Ah, okay. There’s a pretty good reason why immediate mode and the gl******Pointer functions that take a Buffer object were removed in OpenGL 3.2 (or was it 3.1?). Even if you use VBOs and update them each frame it should be faster if you use glMapBuffer(). You should try that, it’s pretty simple. It should pretty much be the fastest way of doing it. Theroetically your program shouldn’t be bottlenecked by the memory transfer since it should happen in parallel to the rendering, though such an optimal case where the copy is 100% is of course rare…

Display lists were deprecated too! VBOs should be just as fast for rendering stuff, but I do agree that display lists have some use since you can also store state change commands, though that doesn’t mean that they are free or should be called more often than without display lists. Try it out, the driver is usually able to optimize the data a lot for display lists. A thing to note is that texture binds are NOT stored in the display list, though this might be a driver bug (not likely though) since it’s written in the OpenGL specs that they should be stored.

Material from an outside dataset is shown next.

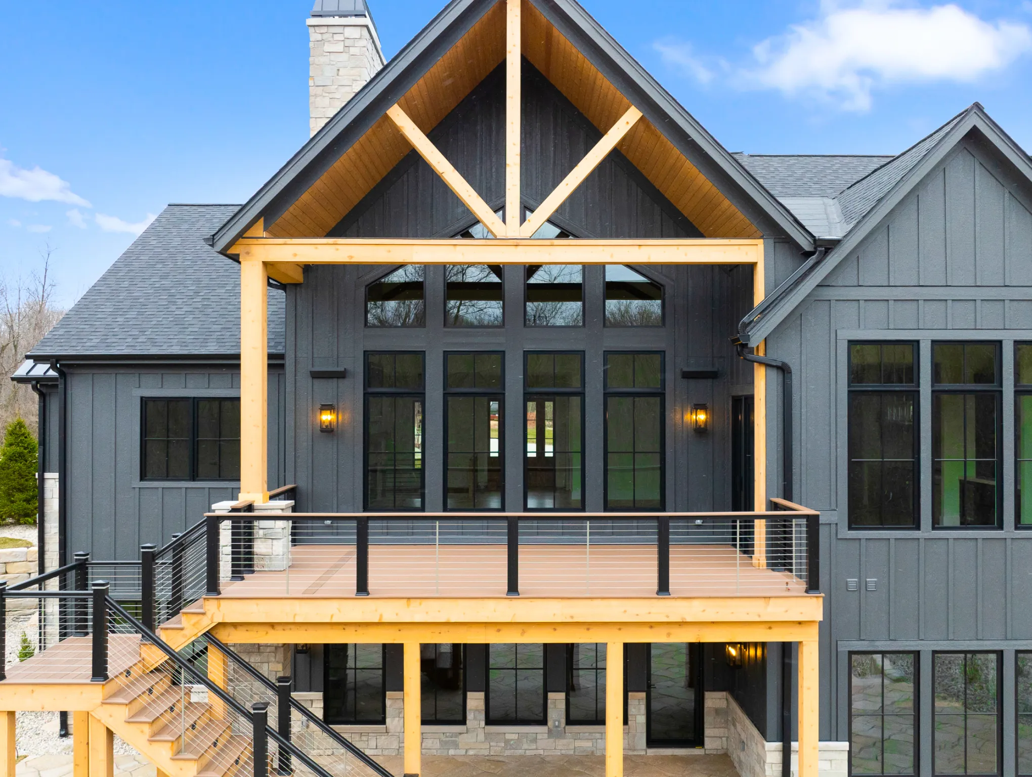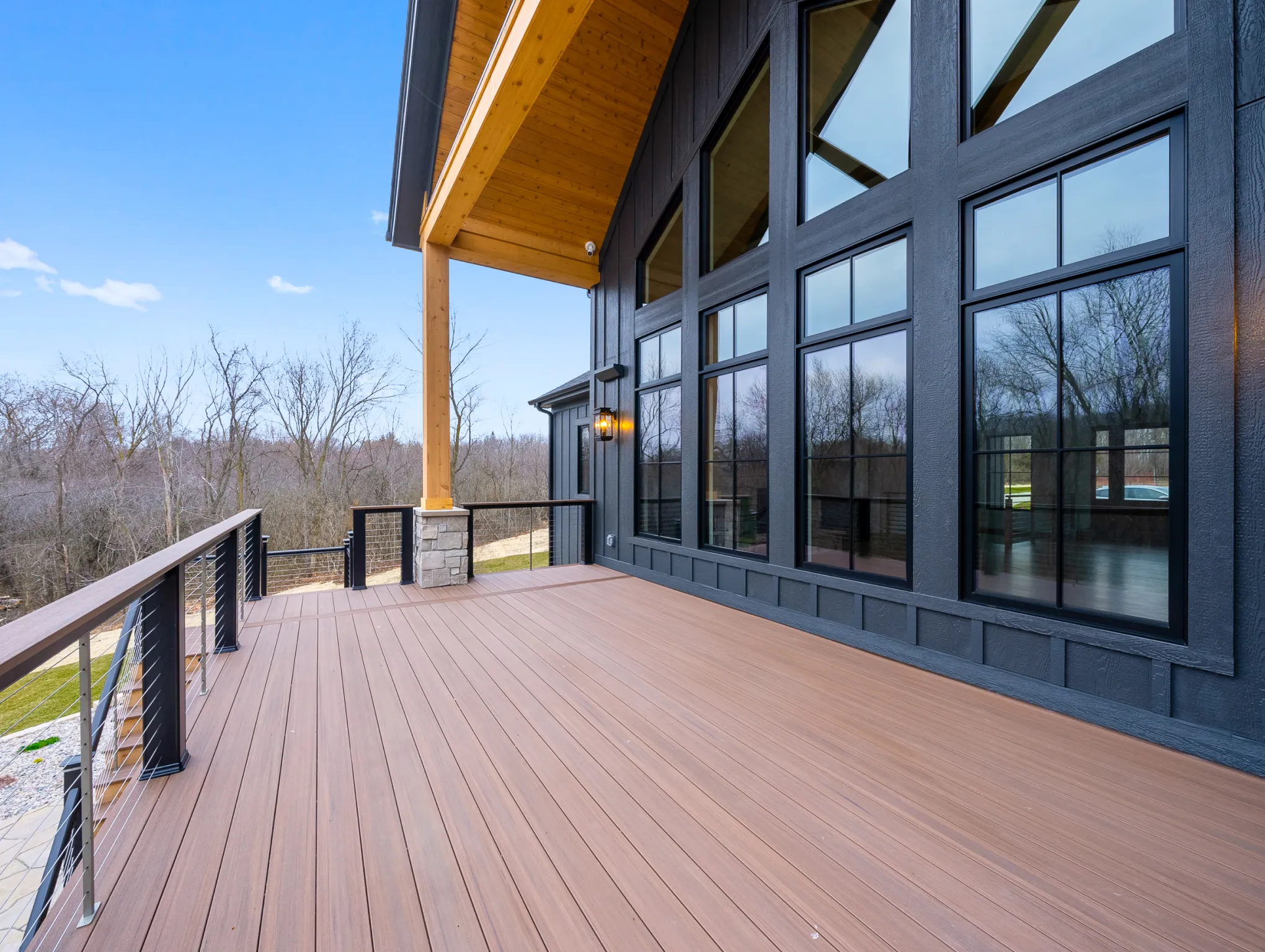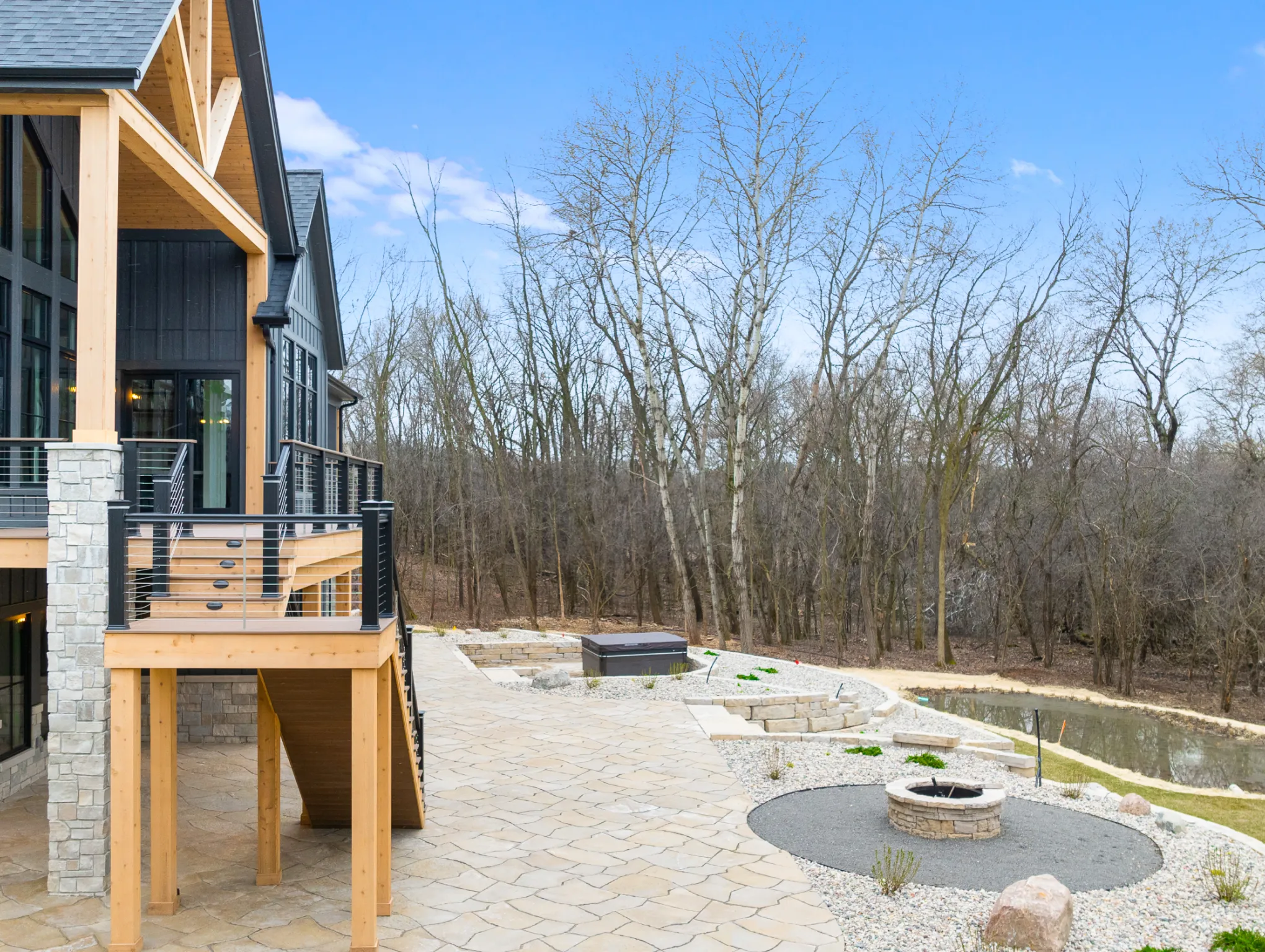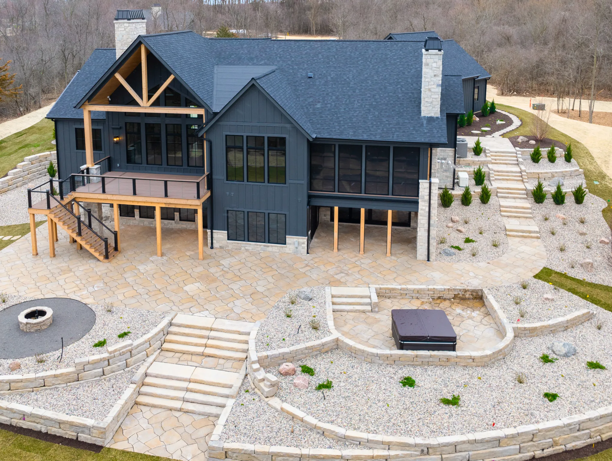 Matustik Builders constructed this stunning home in Lake Geneva, Wisconsin, with standout elements like a gourmet kitchen and an expansive family room with a beautiful stone fireplace. There's also a built in bar and a wine cellar perfect for entertaining. But we feel the highlight is the spacious patio, complete with a fireplace and fully retractable screens, ideal for enjoying delightful summer evenings.

sproingie · June 3, 2012, 4:08pm

Technically there is no such thing as “retained mode” anymore. That was a feature from Iris GL, DirectX didn’t maintain it after its first public release (and dropped it in DX10) and OpenGL never had it. Obviously, using vertex arrays blurs the distinction somewhat, so most people know what you mean, but if you use the term in a DX forum, you’ll get a lot of sideways looks from people wondering why you’re using such an ancient deprecated API.

theagentd · June 3, 2012, 5:40pm

Ah, future misunderstanding(s) possibly avoided!